:: WORK TO BE COMPLETED ::
In the copy, every line of the material that follows must appear exactly, and no pictures should.

** AVAILABLE DATA follows **

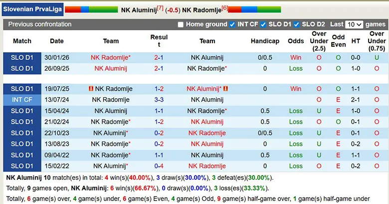– Lịch sử đối đầu NK Aluminij vs NK Radomlje
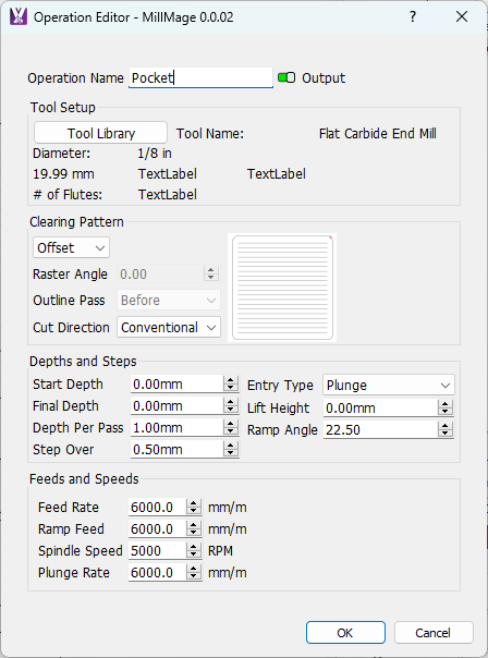 Assign cut operations to each artwork element through the Operation Editor found by default on the far right-hand side of the MillMage interface. The order of operations matters — MillMage will process each operation sequentially from top to bottom when more than one operation is selected.
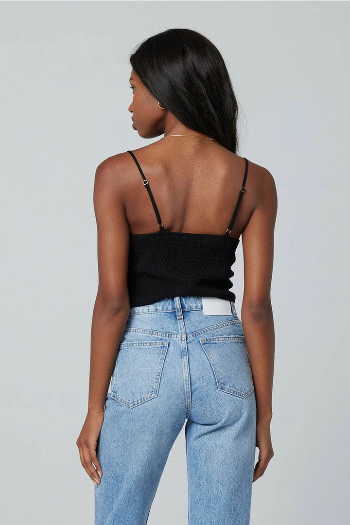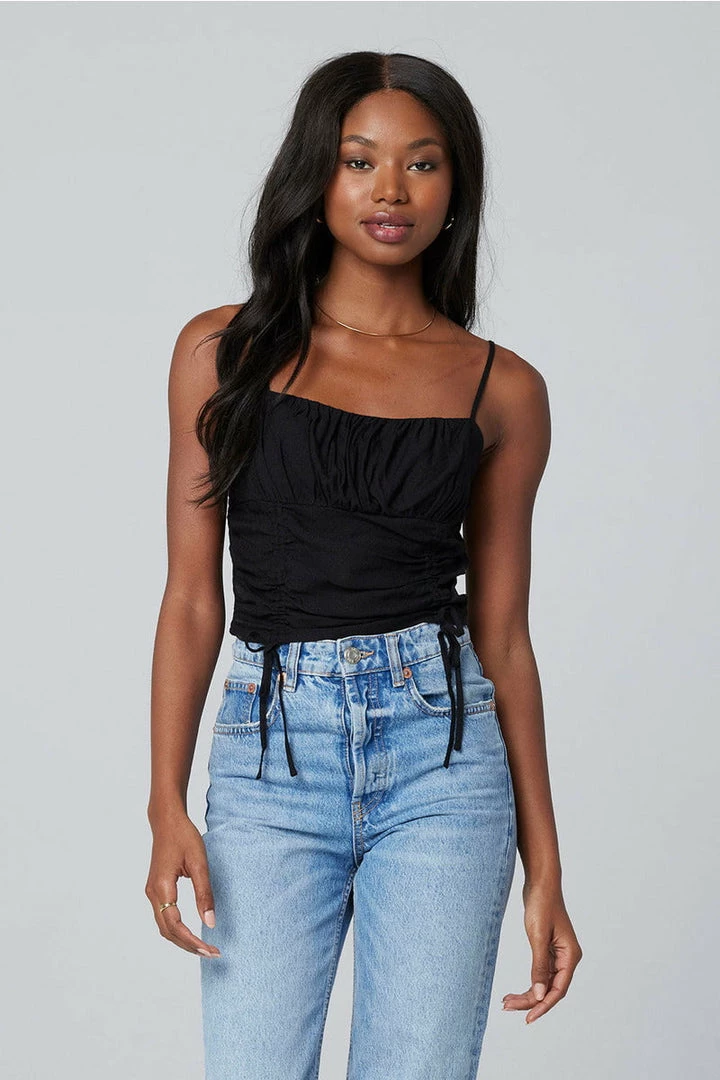 The 100% Rayon Serena Slim Tank features spaghetti straps, a form fit and ruching details throughout.

** End of AVAILABLE DATA **

:: RESPONSE TO THIS EXERCISE ::
– Lịch sử đối đầu NK Aluminij vs NK Radomlje
 Assign cut operations to each artwork element through the Operation Editor found by default on the far right-hand side of the MillMage interface. The order of operations matters — MillMage will process each operation sequentially from top to bottom when more than one operation is selected.
 The 100% Rayon Serena Slim Tank features spaghetti straps, a form fit and ruching details throughout.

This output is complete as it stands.